The exception was handled. The code that caught it was well-tested and followed established patterns. And it turned a recoverable numerical error into an unrecoverable guidance failure. The error handling was the mission failure.

This is the extreme case, but the pattern is mundane. Every time you catch an exception, convert it to a default value, and let execution continue, you’re making the same category of mistake at smaller scale. You’re trading an obvious, local failure for a subtle, downstream one.

The spectrum of actual handling

Not all error handling is theater. The good stuff falls into three categories, each with a clear criterion: does the user know something went wrong?

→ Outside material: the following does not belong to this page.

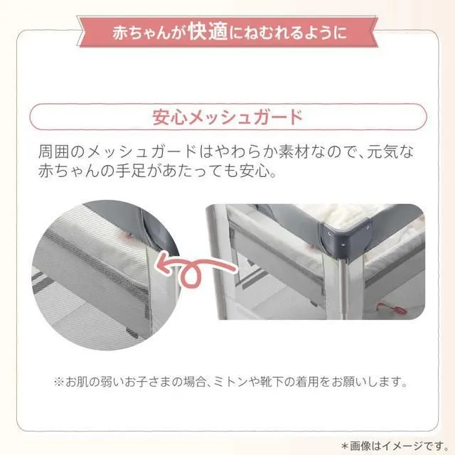 ■商品説明(製品の特徴) 快適にねむれて、コンパクトに折りたためる構造でありながら、PSC・SGマークを取得した安心・安全なベビーベッドです。 エアープラスでは、マットが取り外して洗濯機で丸洗い可能。
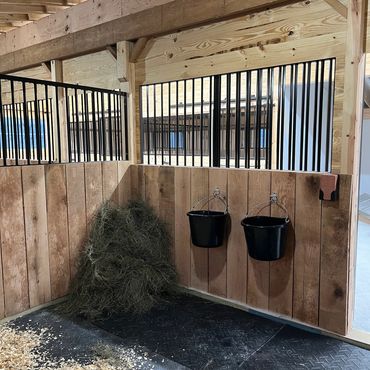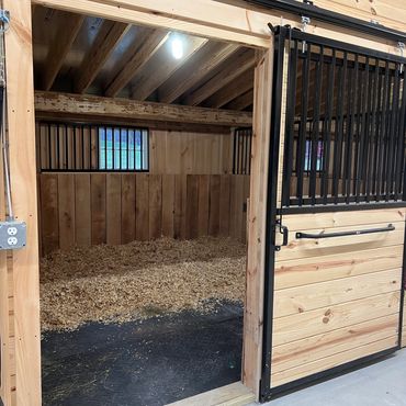Legacy Stables barn offer six spacious 12 x 12 stalls, a large indoor wash stall and a heated tackroom complete with a sink, saddle racks and sitting area. Our barn has been finished off with rough brushed cement floors for no slipping and garden fans for excellent airflow. Each stall is outfitted with plenty of wood shavings, high quality forage, fresh water from our brand new well and a salt block.

Fail fast and loudly. The error path that crashes the process, sends an alert, and refuses to continue is almost always better than the one that logs and returns a default. A 500 error is annoying for users. Silent data corruption is a lawsuit.

# Good: the error is obvious and immediate
def process_order(order):
    result = payment_gateway.charge(order)
    if not result.success:
        raise PaymentFailedError(f"Charge failed: {result.error_code}")
    return result

Fail with a meaningful alternative. This is harder than it looks, because the alternative needs to actually be safe. Returning a cached response when a database query fails is reasonable if stale data is acceptable. Returning an empty list when a search fails is dangerous if the caller treats emptiness as “no results” rather than “something went wrong.”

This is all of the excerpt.